• WHAT TO PRODUCE: The reply should be the records repeated exactly, without any images.

• MATERIAL PROVIDED:
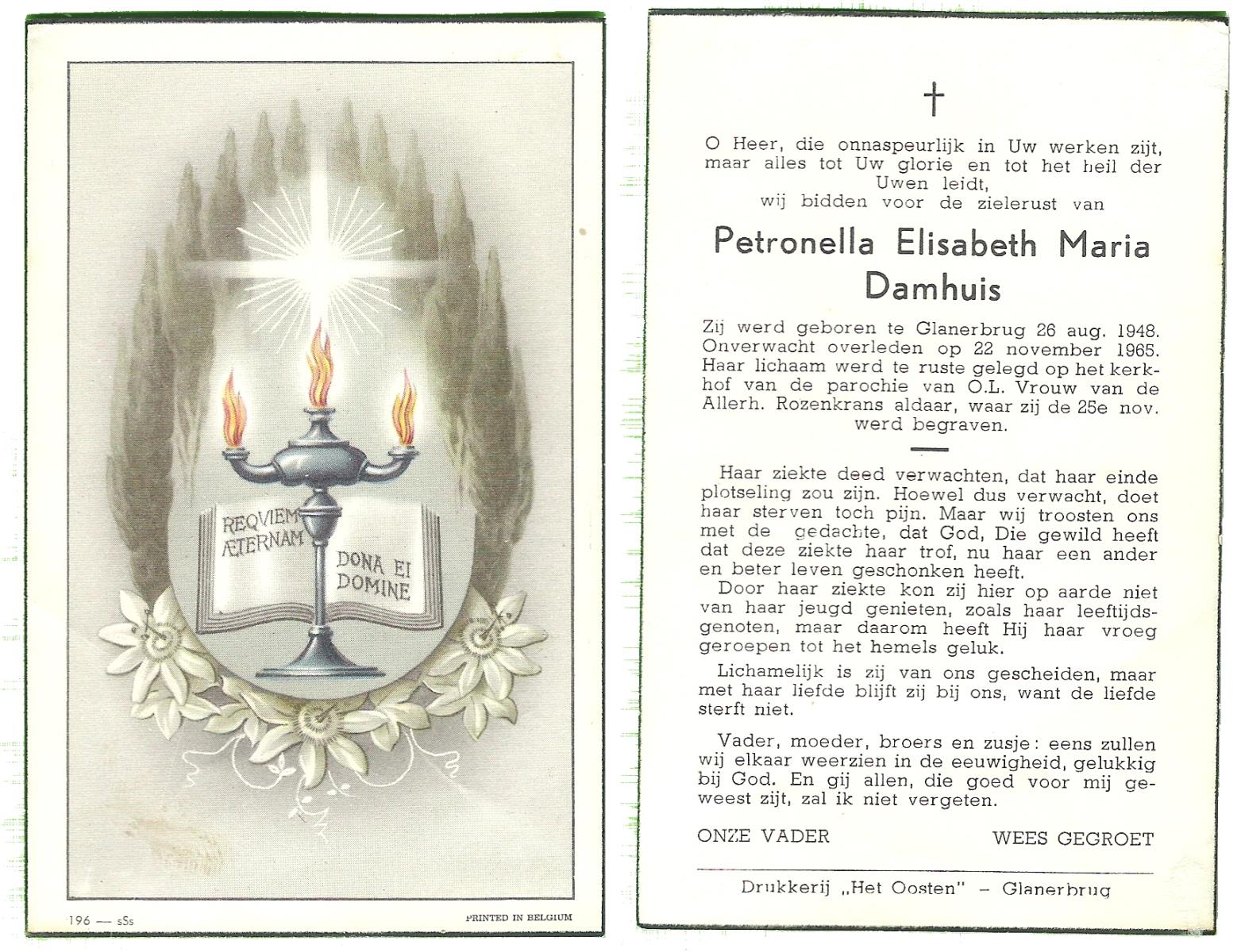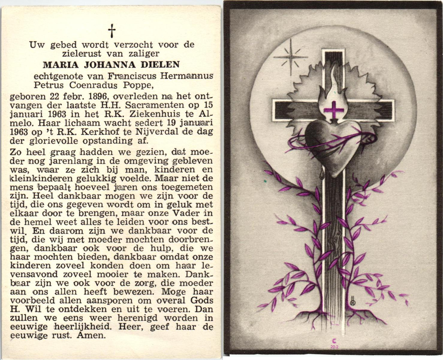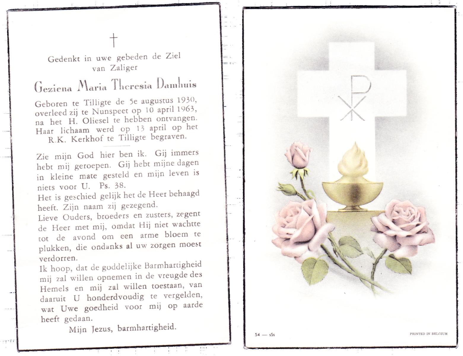 DAMHUIS, Geziena Maria Theresia, geboren op 5-8-1930 te Tilligte, overleden op 10-4-1963 te Nunspeet op 32-jarige leeftijd, begraven op 13-4-1963 te Tilligte.
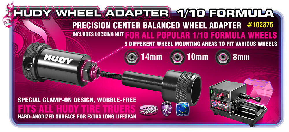 Write A ReviewHUDY TIRE TRUER WHEEL ADAPTER 1/10 FORMULA 1 WHEELS - HD102376
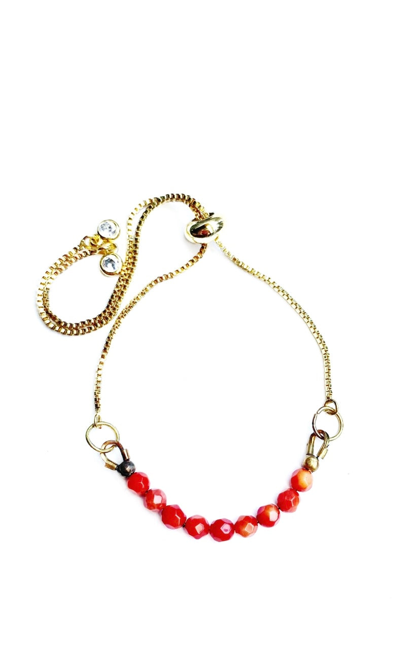 Take your boho look to the next level with our Gold-Plated Boho Bracelet with Red Coral Beads! This surprisingly lightweight and adjustable 14K gold-plated bracelet will have you dancing in style with Cubic Zirconia and dazzling Red Coral Beads. One thing's for sure - this bling is one of a kind!
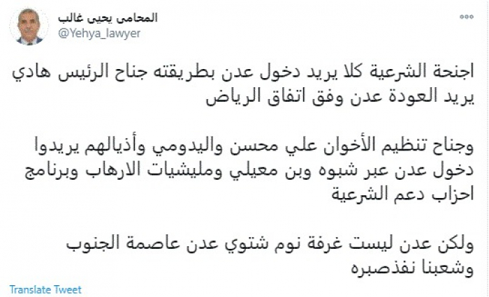 وجه الناشط السياسي المحامي يحيى غالب، اليوم، انتقادًا لاذعًا للرئيس اليمني المؤقت عبدربه منصور هادي وحكومة الشرعية وقيادات جماعة الإخوان الإرهابية باليمن جراء محاولاتهم دخول العاصمة عدن.
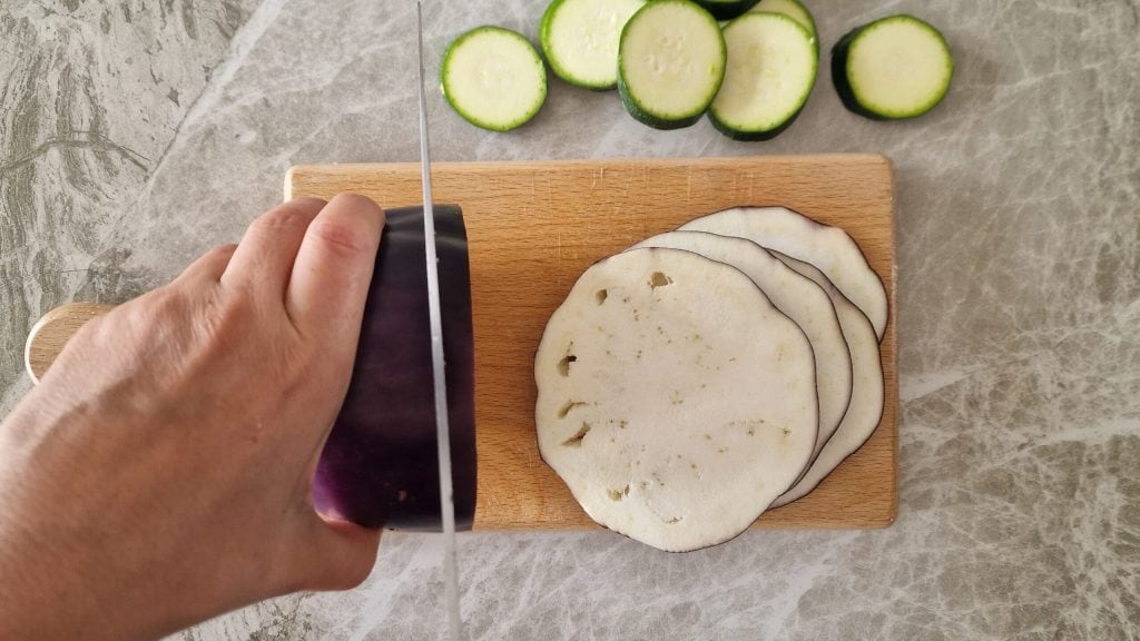 Pendant ce temps, couper l’aubergine et la courgette en tranches fines.

• YOUR SOLUTION:
 DAMHUIS, Geziena Maria Theresia, geboren op 5-8-1930 te Tilligte, overleden op 10-4-1963 te Nunspeet op 32-jarige leeftijd, begraven op 13-4-1963 te Tilligte.
 Write A ReviewHUDY TIRE TRUER WHEEL ADAPTER 1/10 FORMULA 1 WHEELS - HD102376
 Take your boho look to the next level with our Gold-Plated Boho Bracelet with Red Coral Beads! This surprisingly lightweight and adjustable 14K gold-plated bracelet will have you dancing in style with Cubic Zirconia and dazzling Red Coral Beads. One thing's for sure - this bling is one of a kind!
 وجه الناشط السياسي المحامي يحيى غالب، اليوم، انتقادًا لاذعًا للرئيس اليمني المؤقت عبدربه منصور هادي وحكومة الشرعية وقيادات جماعة الإخوان الإرهابية باليمن جراء محاولاتهم دخول العاصمة عدن.
 Pendant ce temps, couper l’aubergine et la courgette en tranches fines.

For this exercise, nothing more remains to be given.